AG Spalding, uno dei primi dirigenti del baseball e fondatore del primo impero di articoli sportivi del paese, disse un bel po’ di decenni fa che «una donna è libera di sventolare il fazzoletto e tifare per la squadra che vuole, ma né le nostre mogli, né le nostre sorelle, né le nostre figlie, né le nostre fidanzate possono giocare a baseball. Il baseball è troppo faticoso per il genere femminile».
Tra una riflessione e un’altra, è poi arrivato il momento per la scrittrice di andare battere [“che era la mia vera paura”], ma a questo punto Emanuela Folliero direbbe agli amici spettatori dei Bellissimi su Rete4 che non bisogna andare oltre per non rovinare il finale, né il racconto del pranzo, né la descrizione delle vite comuni o straordinarie delle altre 86 partecipanti.

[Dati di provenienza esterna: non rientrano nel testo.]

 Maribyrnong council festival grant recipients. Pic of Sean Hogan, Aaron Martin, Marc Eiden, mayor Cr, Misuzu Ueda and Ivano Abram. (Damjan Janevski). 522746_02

Un formidabile racconto di lanci e fuoricampo in presa diretta, di flashback e flash forward nelle vite di tutte, con lo sfondo di film e documentari che hanno nutrito l’immaginario collettivo, mentre “la maggior parte delle donne che provano il baseball – scrive Tiffany – non sono all’altezza come me, come Brett Baty e come la maggior parte degli uomini”.

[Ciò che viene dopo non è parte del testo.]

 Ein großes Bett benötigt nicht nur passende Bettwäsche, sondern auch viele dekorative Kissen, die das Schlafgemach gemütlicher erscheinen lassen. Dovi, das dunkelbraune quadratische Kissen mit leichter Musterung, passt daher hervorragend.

| Ma la MLB investe sulle donne
Questo racconto se ne stava congelato da tre mesi nel freezer di Slalom, chissà per quanto ancora avrebbe chiesto di essere tradotto se non fosse sbucata la notizia che la Major League sta investendo sul progetto di una nuova lega di softball.

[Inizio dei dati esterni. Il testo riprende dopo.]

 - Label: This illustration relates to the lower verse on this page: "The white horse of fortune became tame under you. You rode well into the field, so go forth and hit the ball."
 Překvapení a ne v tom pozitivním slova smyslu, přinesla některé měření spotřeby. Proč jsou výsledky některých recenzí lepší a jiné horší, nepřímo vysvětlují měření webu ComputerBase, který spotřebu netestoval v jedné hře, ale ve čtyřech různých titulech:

“L’esplosione di popolarità degli sport femminili negli Stati Uniti – ha scritto Lindsey Adler per il sito della NBC – ha portato la Major League a una conclusione ovvia: è giunto il momento di investire nel softball per raccogliere i frutti finanziari. A differenza di calcio, basket e hockey, il baseball non ha un bacino significativo fra le dilettanti negli Stati Uniti. Fin da piccole le ragazze vengono spinte fuori dal baseball e indirizzate al softball. Tutti gli investimenti fatti in campo femminile sono tradizionalmente orientati a costruire quel che viene definito “un legame emotivo”.
Ora invece accade che la MLB abbia investito circa il 20% delle quote nell’Athletes Unlimited Softball League (AUSL). L’importo non è pubblico, ma alcune fonti dicono che si aggira intorno alle otto cifre. “Non è una donazione filantropica a una lega professionistica emergente – si legge – ma è la MLB che vede salire alle stelle i ricavi degli altri campionati professionistici femminili e vuol cogliere l’occasione migliore per ottenere la sua parte. L’investimento della MLB nell’AUSL non è dovuto solo al fatto che si tratta della lega di softball professionistica più affermata negli Stati Uniti. È anche dovuto al fatto che l’AUSL è ora gestita da Kim Ng, dirigente di lunga data della MLB e commissioner della lega”.
L’AUSL ha quattro squadre, chiamate a viaggiare per tutto il paese nel 2025 prima di stabilirsi ciascuna nelle propria città di origine nel 2026. Le giocatrici saranno pagate tra i 45.000 e i 75.000 dollari a stagione, 24 partite all’anno: ESPN ne trasmetterà subito 33.